Simulating quantum transport with ultracold atoms and interaction effects

TL;DR

This paper extends ultracold atom simulations of quantum transport to multiple spin components, deriving a current formula, observing Fano resonances, and analyzing interaction effects on conductance in one-dimensional systems.

Contribution

It introduces a generalized scheme for simulating multi-spin quantum transport and derives a new current formula, also exploring interaction effects on conductance.

Findings

Fano resonance observed in two-spin conductance measurements.

Conductance vanishes with attractive interactions due to a spin gap.

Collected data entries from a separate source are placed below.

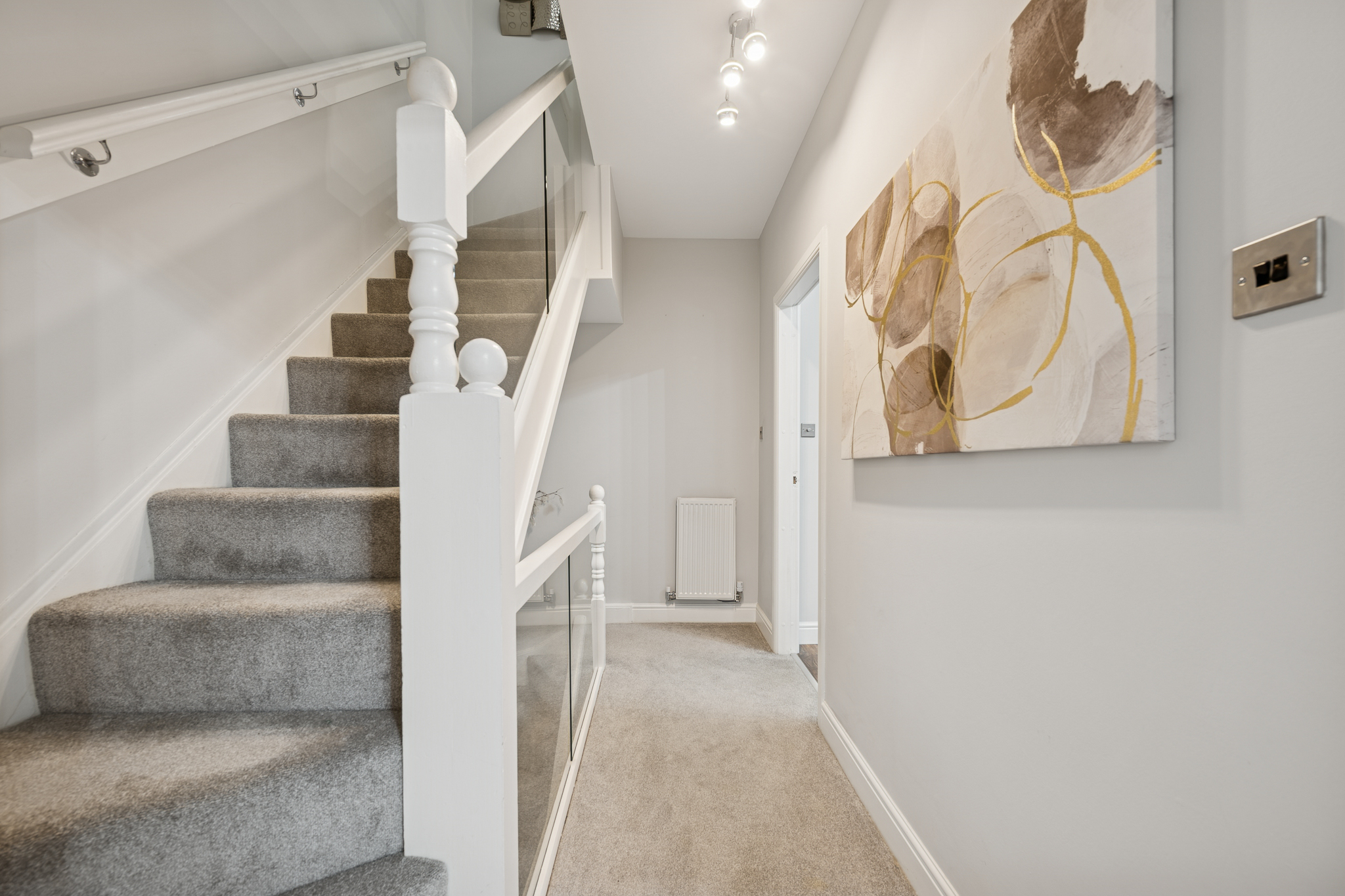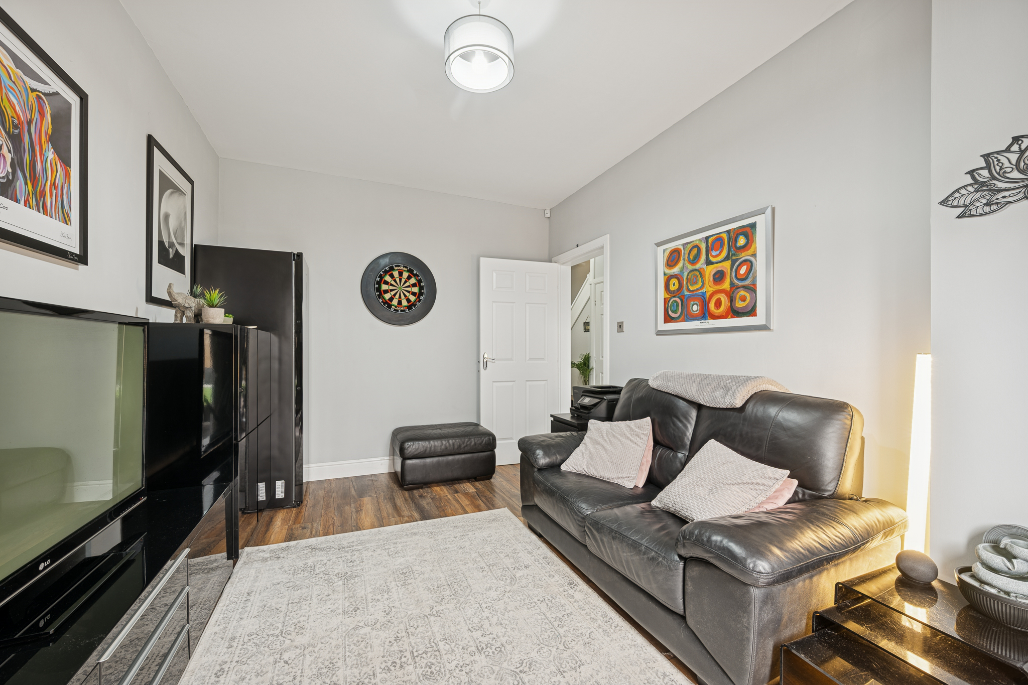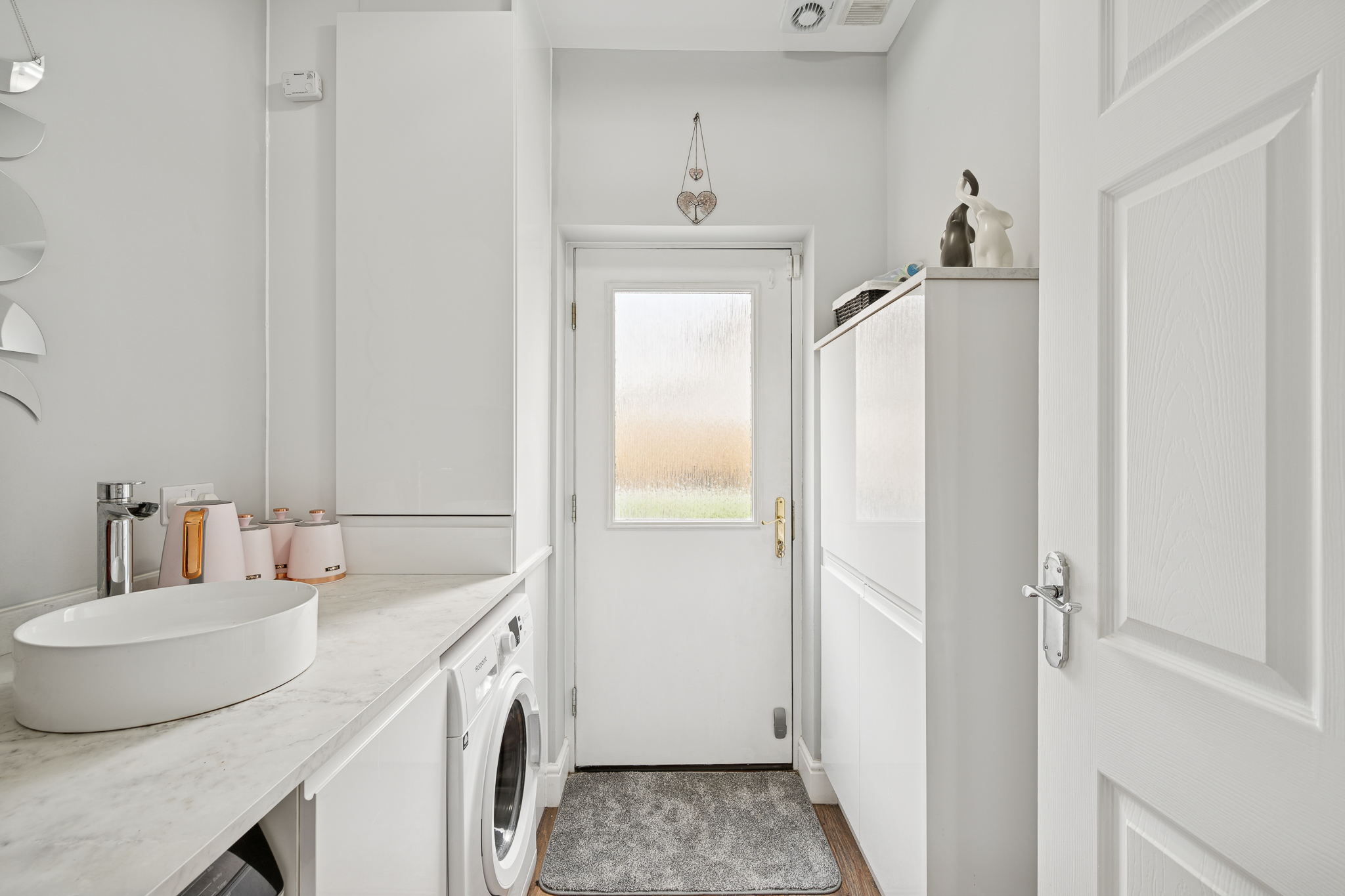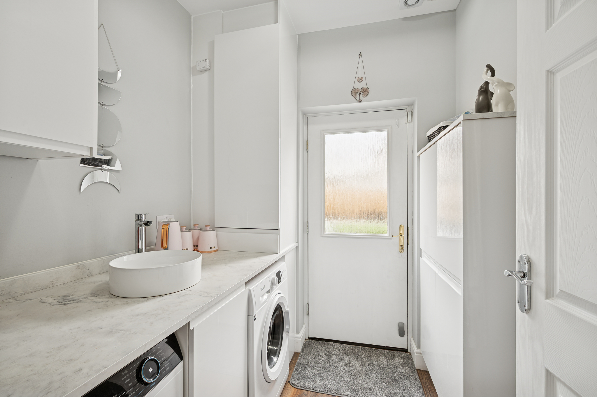 Upon entering, you’re welcomed into a bright and well kept hallway that sets the standard for the rest of the property. To the left is a stylish ground floor WC, ideal for guests and day to day convenience. Straight ahead at the end of the hallway sits a separate utility room, keeping laundry appliances discreetly tucked away and maintaining the sleek feel of the main living spaces, this room also has a door leading out to the rear garden.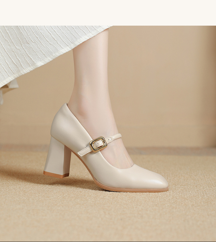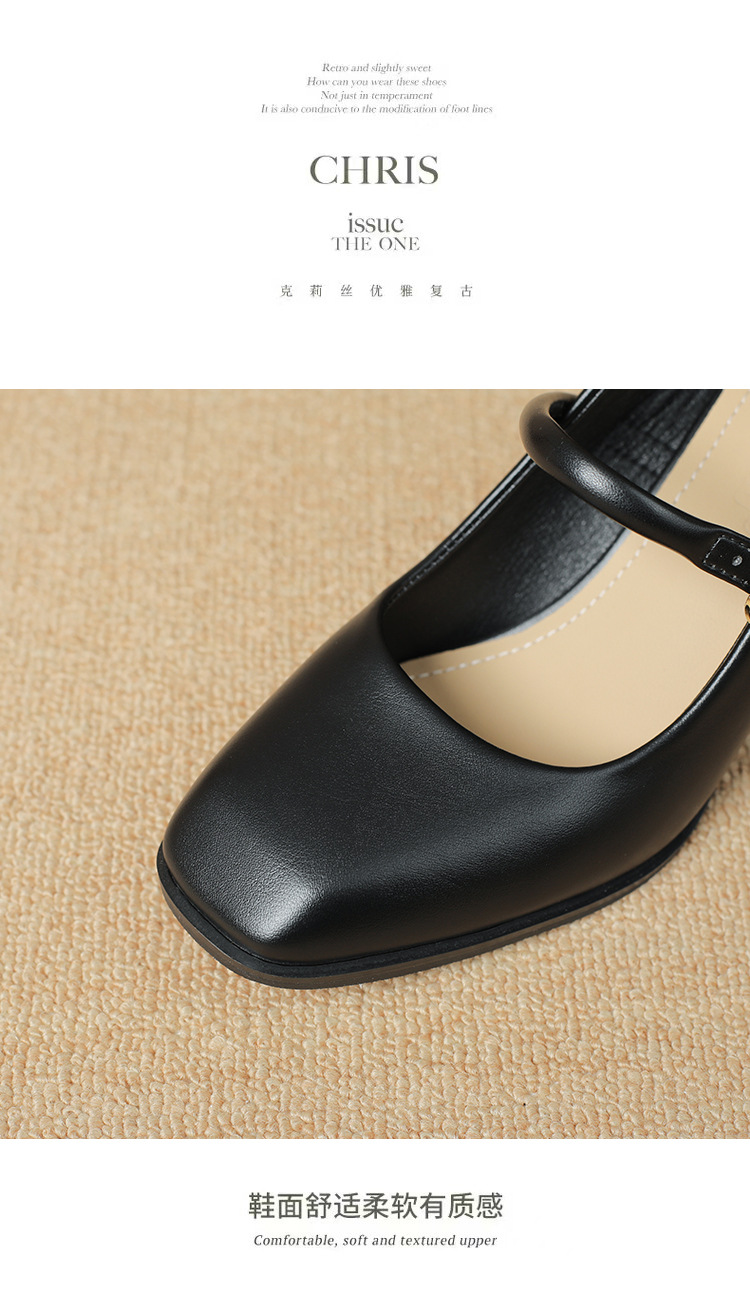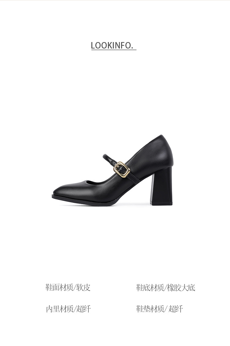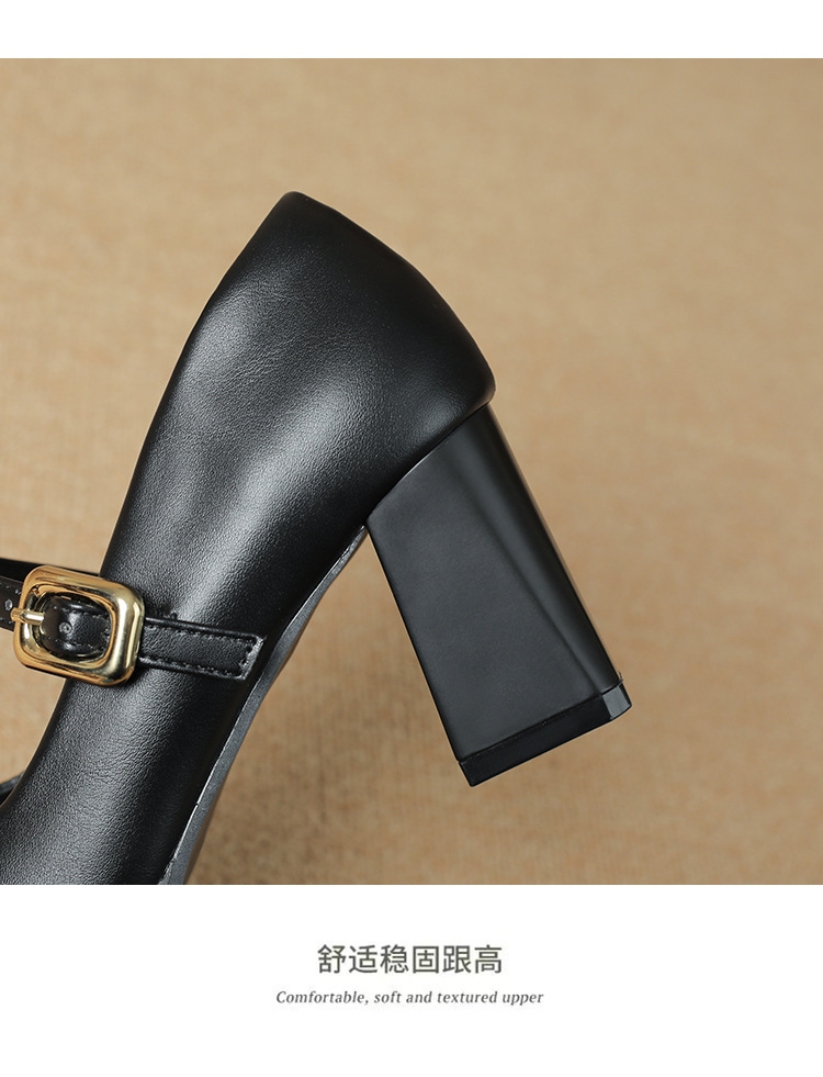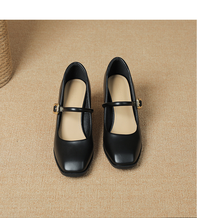 스팟 소사이즈 313233 사이즈 두꺼운 굽 7CM 스퀘어 토 버클 심플 기질 통근화 부드러운 가죽 여성화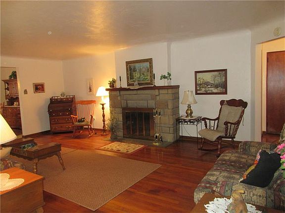 There are many nice features with this solid, 3 bedroom, brick ranch! The features include lots of cupboard and counter space in the kitchen, a nice sized dining room, a large living room with a bay window and stone fireplace with a mantle, double pane windows throughout, glass block windows in the full basement, walk-in closets in all bedrooms, and a bay window in the master bedroom. In addition, there is a 19 x 16 partially covered deck off of the kitchen leading to the backyard. All of this on a large wooded lot!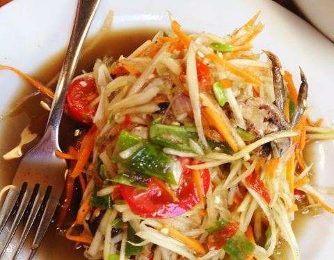 รอคิวนิดนึงเพราะร้านเล็กมาก อาหารมาไม่ช้านะ ส้มตำปูและตำไทยรสชาติเหมือนที่เมืองไทย ไม่กะโหลกกะลา ร้านนี้ส้มตำผ่าน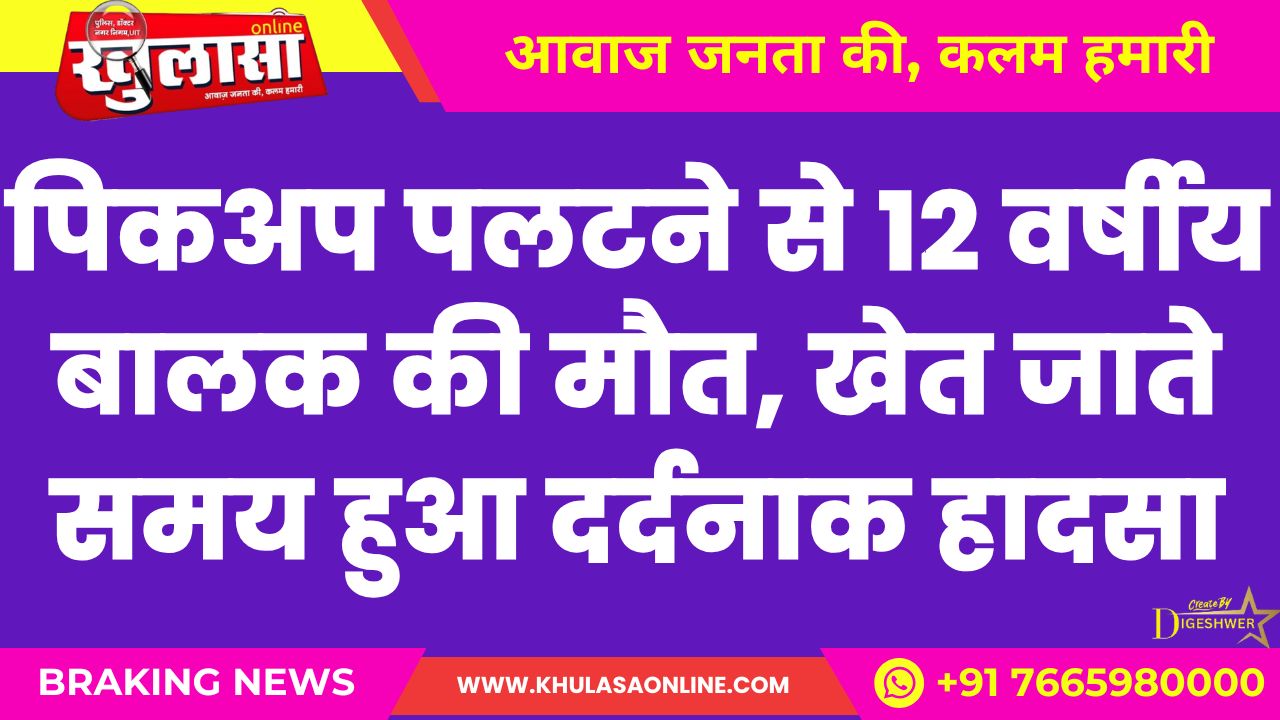 पिकअप पलटने से 12 वर्षीय बालक की मौत, खेत जाते समय हुआ दर्दनाक हादसा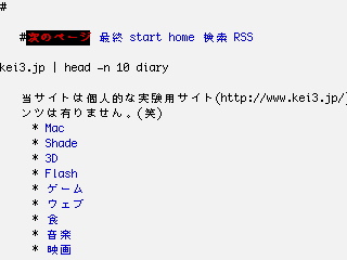 アクセシビリティ向上の為にkei3.jpの一部でLink要素ナビゲーションに対応しました。LynxやOperaなどLink要素ナビゲーションに対応しているブラウザの場合、そのナビゲーション機能だけでもある程度の閲覧が出来る様になってます。

Conductance is enhanced for repulsive interactions following a power law.

Abstract

Quantum transport can be simulated with ultracold atoms by employing spin superpositions of fermions interacting with spin-dependent potentials. Here we first extend this scheme to an arbitrary number of spin components so as to allow simulating transport through a multiterminal quantum dot and derive a current formula in terms of a spin rotation matrix and potential phase shifts. We then show that a Fano resonance manifests itself in measuring a linear conductance at zero temperature in the case of two spin components. We also study how a weak interparticle interaction in bulk affects quantum transport in one dimension with the bosonization and renormalization techniques. In particular, we find that the conductance vanishes for an attractive interaction due to a bulk spin gap, while it is enhanced for a repulsive interaction by a power law with lowering the temperature or the chemical potential difference.